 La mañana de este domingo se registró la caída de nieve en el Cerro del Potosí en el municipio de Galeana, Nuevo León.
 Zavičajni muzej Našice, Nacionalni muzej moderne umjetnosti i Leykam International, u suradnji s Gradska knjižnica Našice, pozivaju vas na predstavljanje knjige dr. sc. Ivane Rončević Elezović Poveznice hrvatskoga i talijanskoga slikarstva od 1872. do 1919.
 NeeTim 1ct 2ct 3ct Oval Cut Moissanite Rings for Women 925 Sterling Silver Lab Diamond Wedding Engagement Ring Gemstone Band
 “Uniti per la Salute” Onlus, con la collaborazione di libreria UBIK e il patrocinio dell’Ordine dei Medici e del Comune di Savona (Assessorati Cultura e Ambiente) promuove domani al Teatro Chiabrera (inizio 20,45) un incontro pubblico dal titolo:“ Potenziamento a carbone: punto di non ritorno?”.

...

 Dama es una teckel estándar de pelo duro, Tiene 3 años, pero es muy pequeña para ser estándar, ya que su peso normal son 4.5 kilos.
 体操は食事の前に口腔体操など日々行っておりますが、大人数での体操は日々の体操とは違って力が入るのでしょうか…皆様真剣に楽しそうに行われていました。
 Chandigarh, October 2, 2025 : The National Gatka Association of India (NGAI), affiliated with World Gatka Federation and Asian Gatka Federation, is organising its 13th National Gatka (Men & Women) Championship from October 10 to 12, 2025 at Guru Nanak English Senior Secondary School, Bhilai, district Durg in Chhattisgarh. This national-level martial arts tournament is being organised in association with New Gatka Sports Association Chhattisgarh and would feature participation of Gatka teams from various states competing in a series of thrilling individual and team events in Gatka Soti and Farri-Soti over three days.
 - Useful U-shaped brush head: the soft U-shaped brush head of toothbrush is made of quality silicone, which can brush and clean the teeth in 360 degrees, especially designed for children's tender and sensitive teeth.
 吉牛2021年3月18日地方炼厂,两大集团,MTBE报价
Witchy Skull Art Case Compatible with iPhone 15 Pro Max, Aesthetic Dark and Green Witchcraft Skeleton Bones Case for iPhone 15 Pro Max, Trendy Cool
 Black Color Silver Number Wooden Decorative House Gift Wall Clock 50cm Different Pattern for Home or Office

(TASK DIRECTIONS): From the entries above, print the lines beginning at the one with "吉牛2021年3月18日地方炼厂,两大集团,MTBE报价" and stopping after the one with "Black Color Silver", exactly as written and with nothing else.

(SOLUTION):
 吉牛2021年3月18日地方炼厂,两大集团,MTBE报价
Witchy Skull Art Case Compatible with iPhone 15 Pro Max, Aesthetic Dark and Green Witchcraft Skeleton Bones Case for iPhone 15 Pro Max, Trendy Cool
 Black Color Silver Number Wooden Decorative House Gift Wall Clock 50cm Different Pattern for Home or Office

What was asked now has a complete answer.